● **Your goal**
Extract the line that contains "hADSC-ex inhibited microglia/macrophage" and every line after it through the end of the records below, exactly as written, leaving out any pictures.

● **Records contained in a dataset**
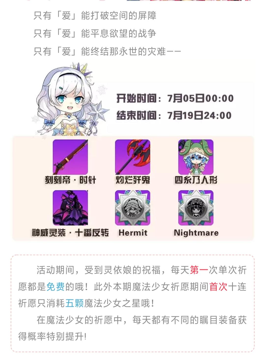 只有「爱」能打破空间的屏障只有「爱」能平息欲望的战争只有「爱」能终结那永世的灾难——活动期间,受到灵依娘的祝福,每天第一次单次祈愿都是免费的哦!此外本期魔法少女祈愿期间首次十连祈愿只消耗五颗魔法少女之星哦!在魔法少女的祈愿中,每天都有不同的瞩目装备获得概率特别提升!活动期间,在魔法少女的祈愿中,拥有强大神力的装备的概率提高至少5倍。活动内装备降临之时,为等级50的五星装备,其中部分装备经
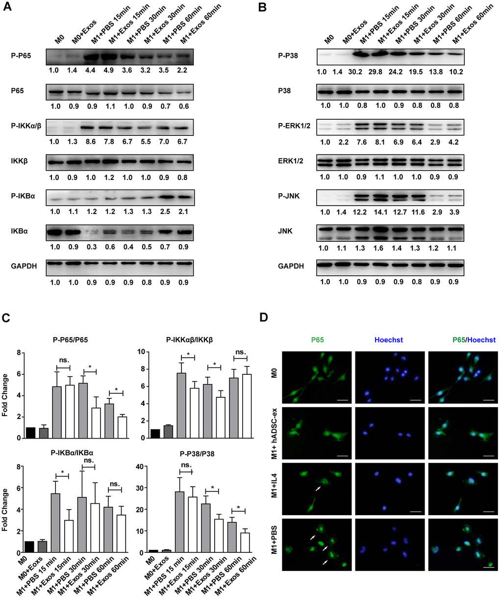 hADSC-ex inhibited microglia/macrophage activation by suppressing classical nuclear factor (NF)-kB and mitogen-activated protein kinase (MAPK) signaling
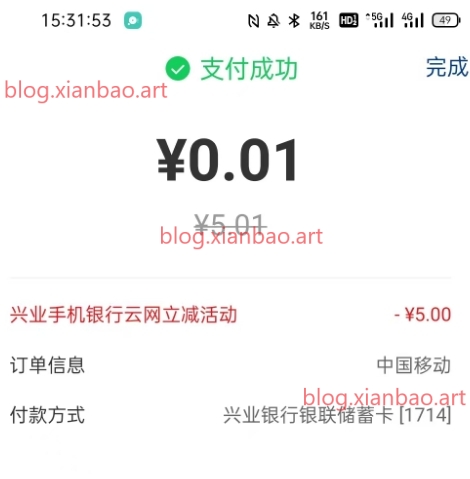 移动app充话费自定义5.01(部分地区最低10),跳转芸闪付切兴业银行app,用兴业卡有-5
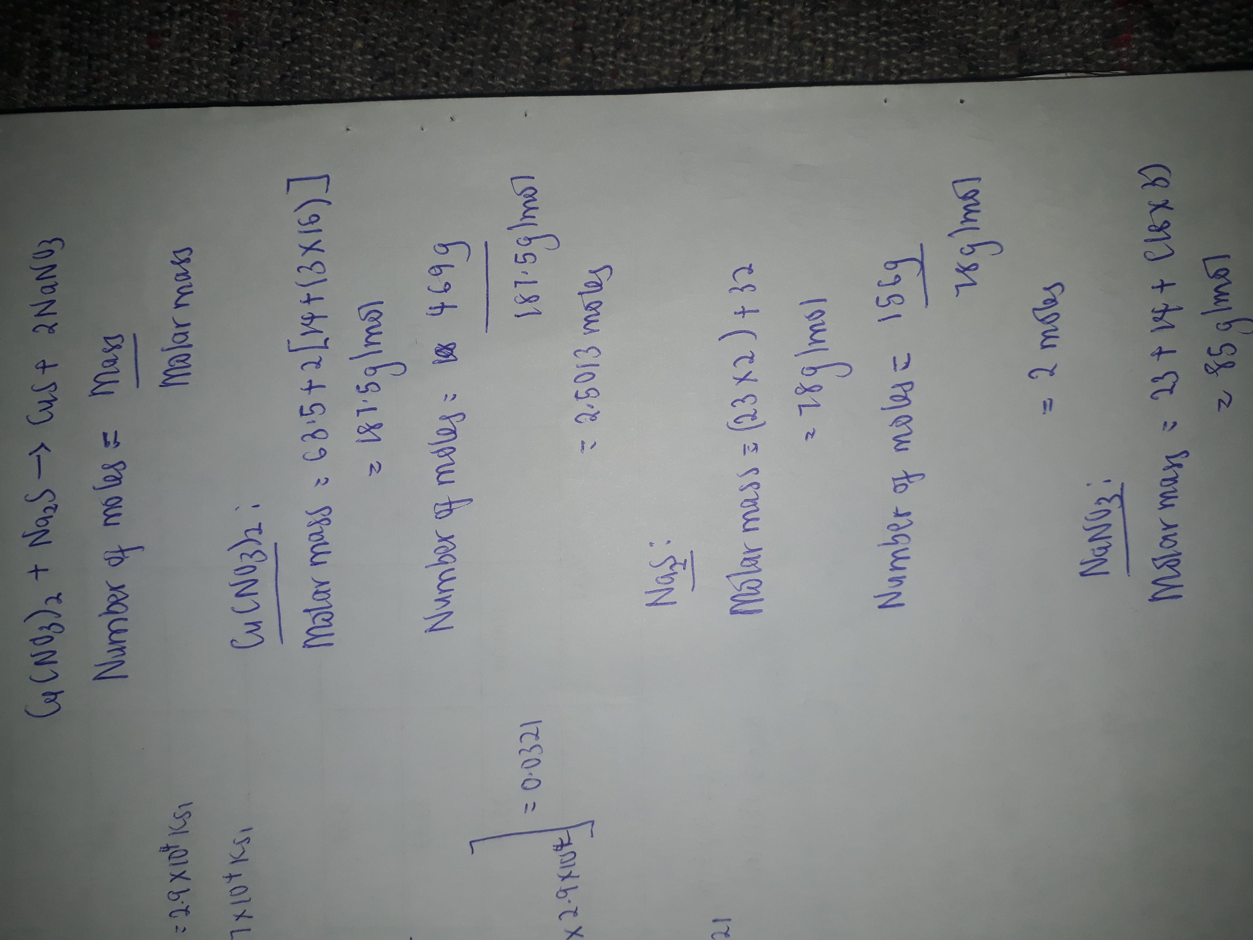 a precipitate. In this reaction 469 grams of copper(II) nitrate were combined with 156 grams of sodium sulfide to produce 272 grams of sodium nitrate.
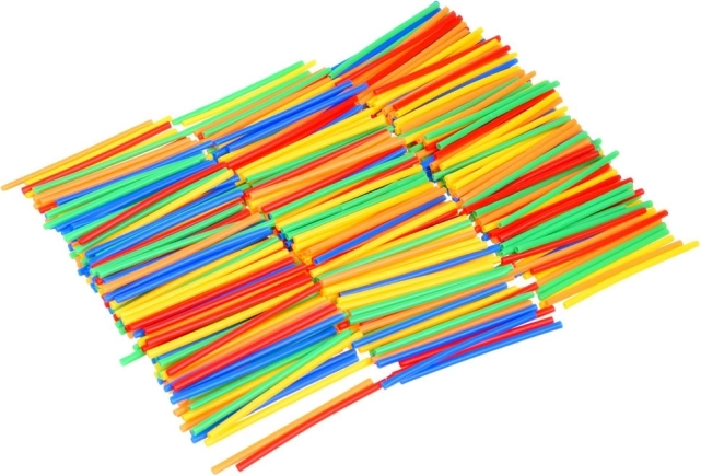 - ok. 511 słomek (długość ok. 10 cm), ok. 425 czteroramiennych łączników, ok. 60 ośmioramiennych łączników, 4 piankowe kółka (średnica ok. 3,5 cm)

● **Result of the exercise**
 hADSC-ex inhibited microglia/macrophage activation by suppressing classical nuclear factor (NF)-kB and mitogen-activated protein kinase (MAPK) signaling
 移动app充话费自定义5.01(部分地区最低10),跳转芸闪付切兴业银行app,用兴业卡有-5
 a precipitate. In this reaction 469 grams of copper(II) nitrate were combined with 156 grams of sodium sulfide to produce 272 grams of sodium nitrate.
 - ok. 511 słomek (długość ok. 10 cm), ok. 425 czteroramiennych łączników, ok. 60 ośmioramiennych łączników, 4 piankowe kółka (średnica ok. 3,5 cm)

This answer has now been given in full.